Re: subtype of enumeration type

[Jeffrey R. Carter]

Maciej Sobczak wrote:
> 
>    type Day is (Mon, Tue, Wed, Thu, Fri, Sat, Sun);
> 
> and the following standard example:
> 
>    subtype Weekday is Day range Mon .. Fri;
> 
> Now imagine that in some country children don't have to go to school on 
> Wednesdays, they go there only Monday, Tuesday, Thursday and Friday.
> 
> I want to say it in Ada.
> 
>    subtype Schoolday is Day <what goes here?>;

Nothing. You can't do it that way in Ada.
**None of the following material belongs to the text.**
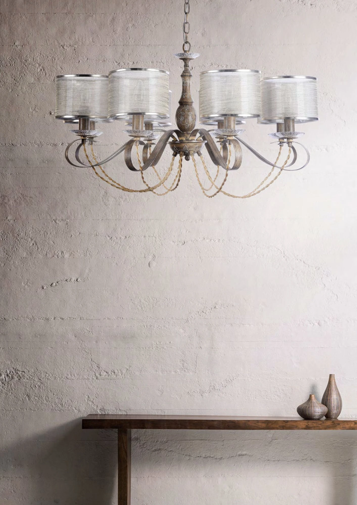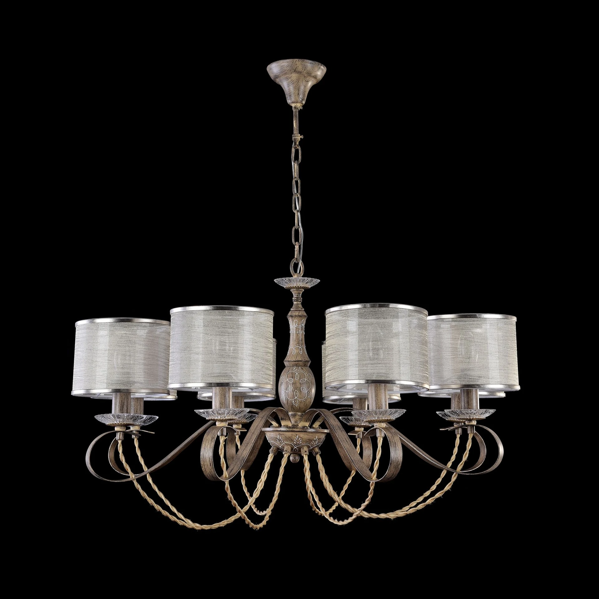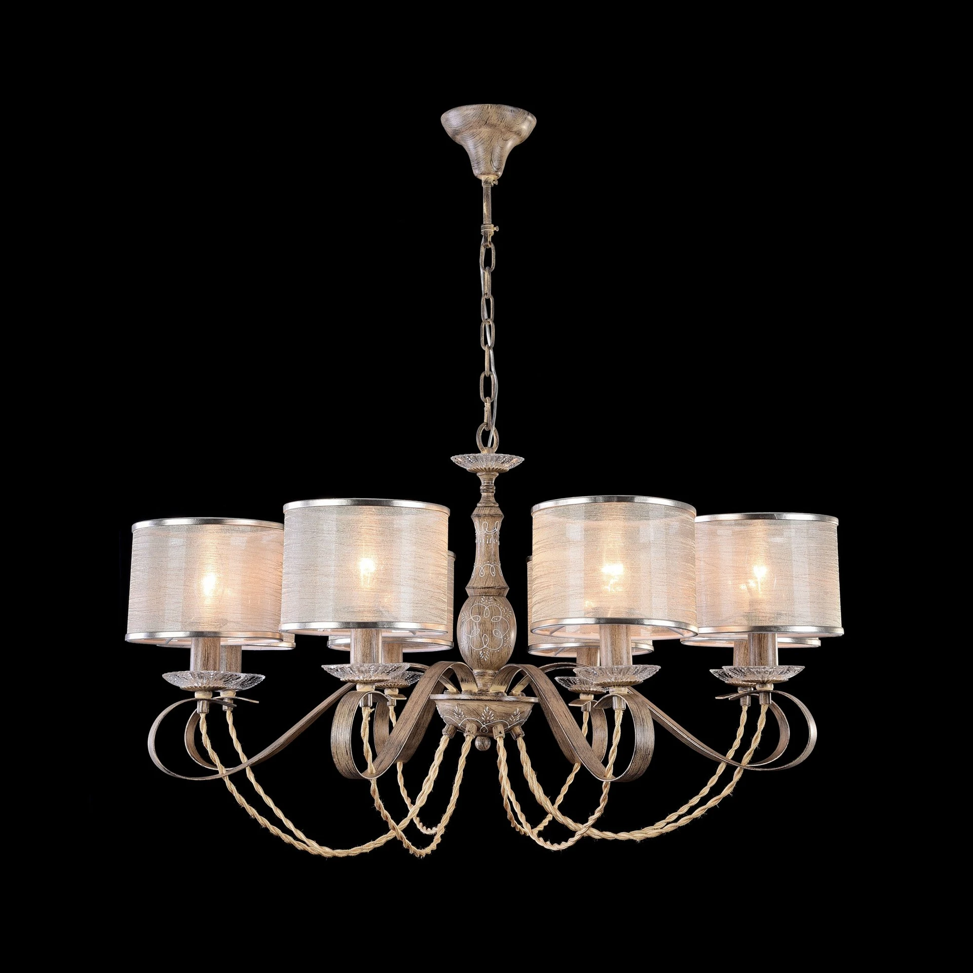 Подвесная люстра Maytoni Cable H357-PL-08-BG от Maytoni, подходит для гостиной, для спальни, в стиле классика, кантри. Материал — металл, цвет бежевый, плафон из органза, цвет плафона белые, форма плафона — цилиндр. Модель имеет 8 ламп, цоколь E14, мощность 40 Вт. Крепление — крюк. Степень защиты IP20. Габариты: высота 1440 мм, ширина 800 мм, диаметр 800 мм. Коллекция Cable.

There are a number of options:

1. Use

subtype Schoolday is Weekday;

add a comment that Wed is invalid, check for Wed and raise an exception. Not 
very nice, but adheres to the practice of specifying preconditions and raising 
exceptions when they're violated.

However, using subtypes is cleaner. I much prefer

function F (A : Natural);

to

function F (A : Integer);
--# pre A >= 0;

which is often seen in SPARK.

2. Use a private type:

type Schoolday is private; -- Mon, Tue, Thu, Fri

function Is_Schoolday (Today : Weekday) return Boolean;
-- returns False if Today = Wed; True otherwise

function "+" (Right : Weekday) return Schoolday;
-- pre Right /= Wed; raise Constraint_Error if violated

function "+" (Right : Schoolday) return Weekday;

procedure Op (Today : in Schoolday);

This is similar to the previous example, but the checking only needs to be on 
the conversion function.

3. Use sets of Day; Schoolday is a set with Mon, Tue, Thu, and Fri as members.

4. Use 2 subtypes:

subtype Early_Schoolday is Day range (Mon .. Tue);
subtype Late_Schoolday  is Day range (Thu .. Fri);

What you do will depend on the requirements of your application. In general, 
there is no way to specify Day that will allow subtypes for all possible uses of 
days of the week.

-- 
Jeff Carter
"From this day on, the official language of San Marcos will be Swedish."
Bananas
28

subtypes and preconditions (was: subtype of enumeration type)

[Peter Amey]

Jeff,

Jeffrey R. Carter wrote:
[snip]
> However, using subtypes is cleaner. I much prefer
> 
> function F (A : Natural);
> 
> to
> 
> function F (A : Integer);
> --# pre A >= 0;
> 
> which is often seen in SPARK.
> 

I strongly agree.  Thoughtful use of subtypes is one of the most useful 
things to do in SPARK programs, it greatly assists with exception 
freedom proofs.

I suspect the latter form of your function arises because, many years 
ago, the SPARK Examiner did not carry type information into verification 
conditions.  In those far-off days it wouldn't have known that A was >= 
0 even if the subype Natural was given.  Since about the mid 90s the 
Examiner makes full use of all the information deducible from type and 
subtype ranges.

[snip]

Peter

Re: subtypes and preconditions

[Jeffrey R. Carter]

Peter Amey wrote:
> 
> I strongly agree.  Thoughtful use of subtypes is one of the most useful 
> things to do in SPARK programs, it greatly assists with exception 
> freedom proofs.
> 
> I suspect the latter form of your function arises because, many years 
> ago, the SPARK Examiner did not carry type information into verification 
> conditions.  In those far-off days it wouldn't have known that A was >= 
> 0 even if the subype Natural was given.  Since about the mid 90s the 
> Examiner makes full use of all the information deducible from type and 
> subtype ranges.

Right. The 2 forms are equivalent when doing proofs. Yet I keep seeing examples 
that use preconditions rather than subtypes. For example, Barnes (2003) gives 
the example of Divide (p 70):

procedure Divide (M, N : in Integer; Q, R : out Integer);
--# derives Q, R from M, N;
--# pre (M >= 0) and (N > 0);
--# post (M = Q * N + R) and (R < N) and (R >= 0);

rather than

procedure Divide (Dividend : in  Natural; Divisor   : in  Positive;
                   Quotient : out Natural; Remainder : out Natural);
--# derives Quotient, Remainder from Dividend, Divisor;
--# post Dividend = Quotient * Divisor + Remainder and Remainder < Divisor;

The "R >= 0" in the assertion also becomes unnecessary with appropriate subtypes.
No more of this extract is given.